• Stored items:
══════════════════════════════

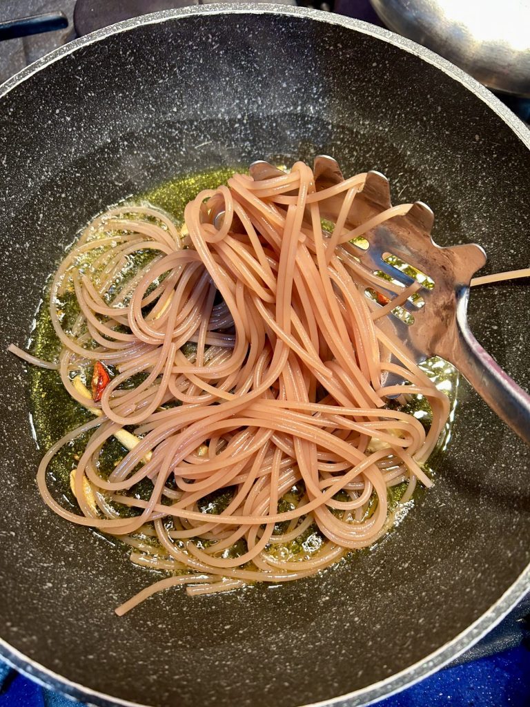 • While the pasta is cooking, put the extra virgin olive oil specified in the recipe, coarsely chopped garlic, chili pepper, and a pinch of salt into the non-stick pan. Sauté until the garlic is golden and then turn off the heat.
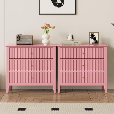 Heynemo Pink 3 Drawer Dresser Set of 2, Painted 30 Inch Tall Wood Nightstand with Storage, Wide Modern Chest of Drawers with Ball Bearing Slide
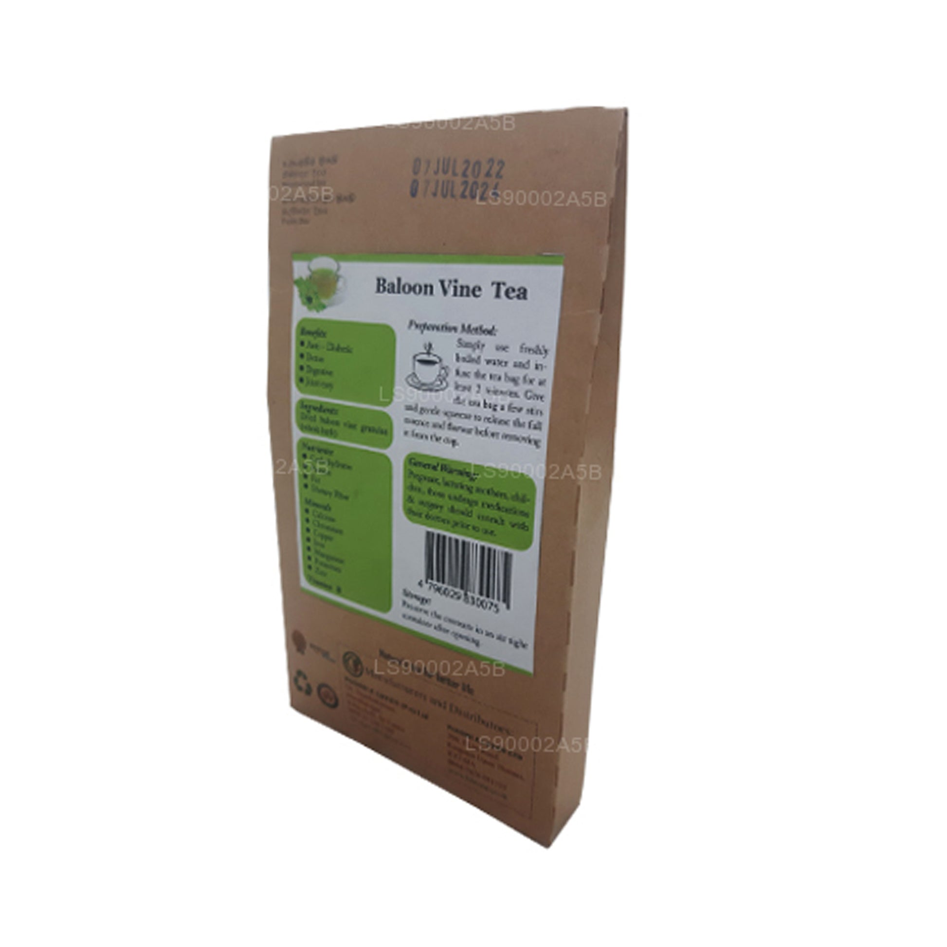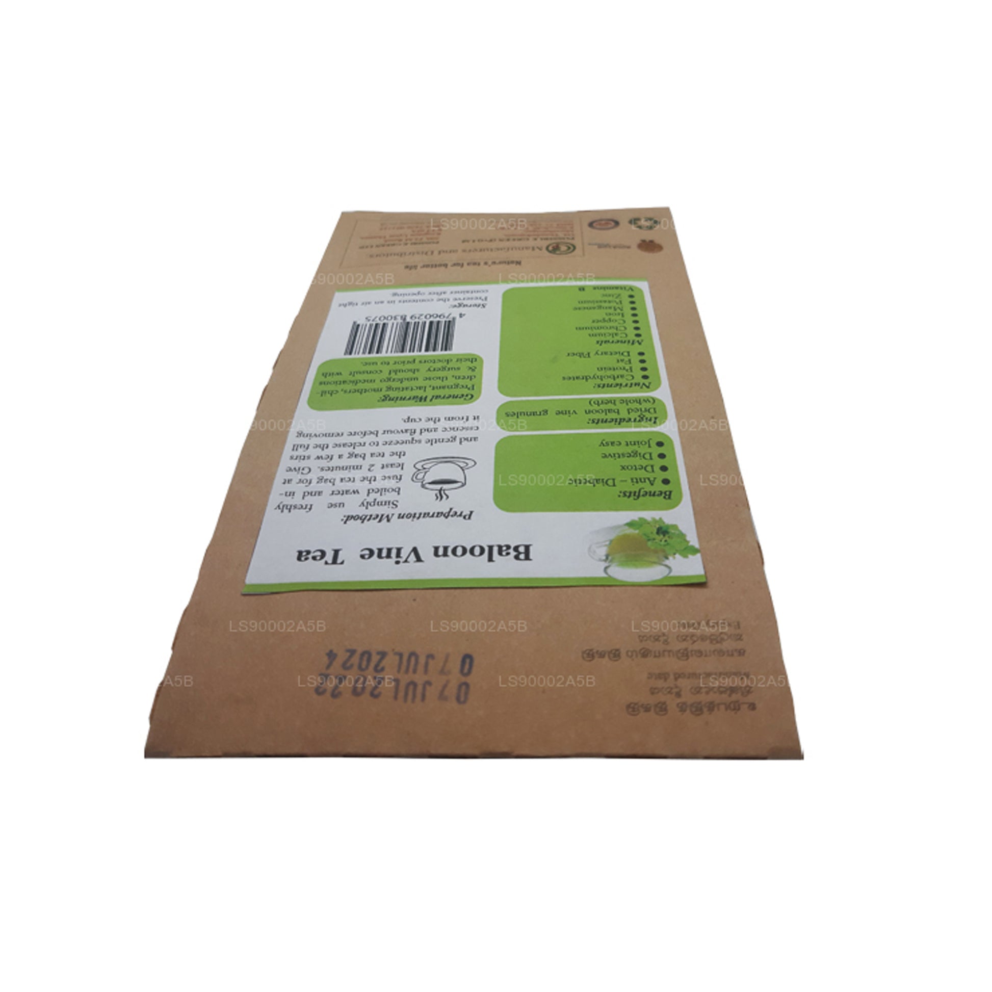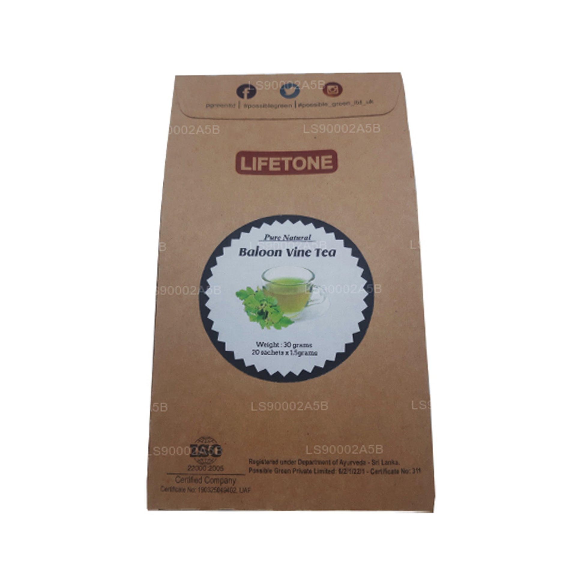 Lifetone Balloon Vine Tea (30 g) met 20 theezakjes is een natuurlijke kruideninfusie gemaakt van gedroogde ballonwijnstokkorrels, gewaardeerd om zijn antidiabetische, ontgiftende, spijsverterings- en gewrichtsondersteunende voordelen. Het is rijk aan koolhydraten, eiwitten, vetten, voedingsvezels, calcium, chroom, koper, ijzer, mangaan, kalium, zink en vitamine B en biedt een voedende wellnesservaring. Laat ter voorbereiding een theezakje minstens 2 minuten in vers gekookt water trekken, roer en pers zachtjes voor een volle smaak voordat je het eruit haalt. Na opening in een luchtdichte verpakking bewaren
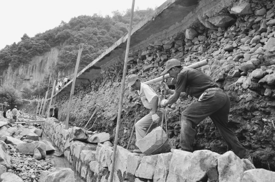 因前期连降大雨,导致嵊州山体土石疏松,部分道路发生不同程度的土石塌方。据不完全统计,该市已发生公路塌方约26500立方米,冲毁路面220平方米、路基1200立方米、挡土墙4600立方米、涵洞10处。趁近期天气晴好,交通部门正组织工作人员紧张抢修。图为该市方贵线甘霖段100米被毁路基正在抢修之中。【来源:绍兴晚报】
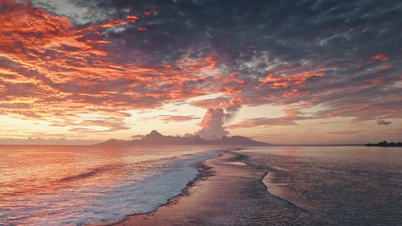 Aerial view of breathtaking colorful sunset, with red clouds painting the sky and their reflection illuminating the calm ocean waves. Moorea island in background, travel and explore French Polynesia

══════════════════════════════

• Your objective:
Print the entries as they stand, first line through the line holding "Heynemo Pink 3", with every picture removed.

• Reply to the exercise:
 • While the pasta is cooking, put the extra virgin olive oil specified in the recipe, coarsely chopped garlic, chili pepper, and a pinch of salt into the non-stick pan. Sauté until the garlic is golden and then turn off the heat.
 Heynemo Pink 3 Drawer Dresser Set of 2, Painted 30 Inch Tall Wood Nightstand with Storage, Wide Modern Chest of Drawers with Ball Bearing Slide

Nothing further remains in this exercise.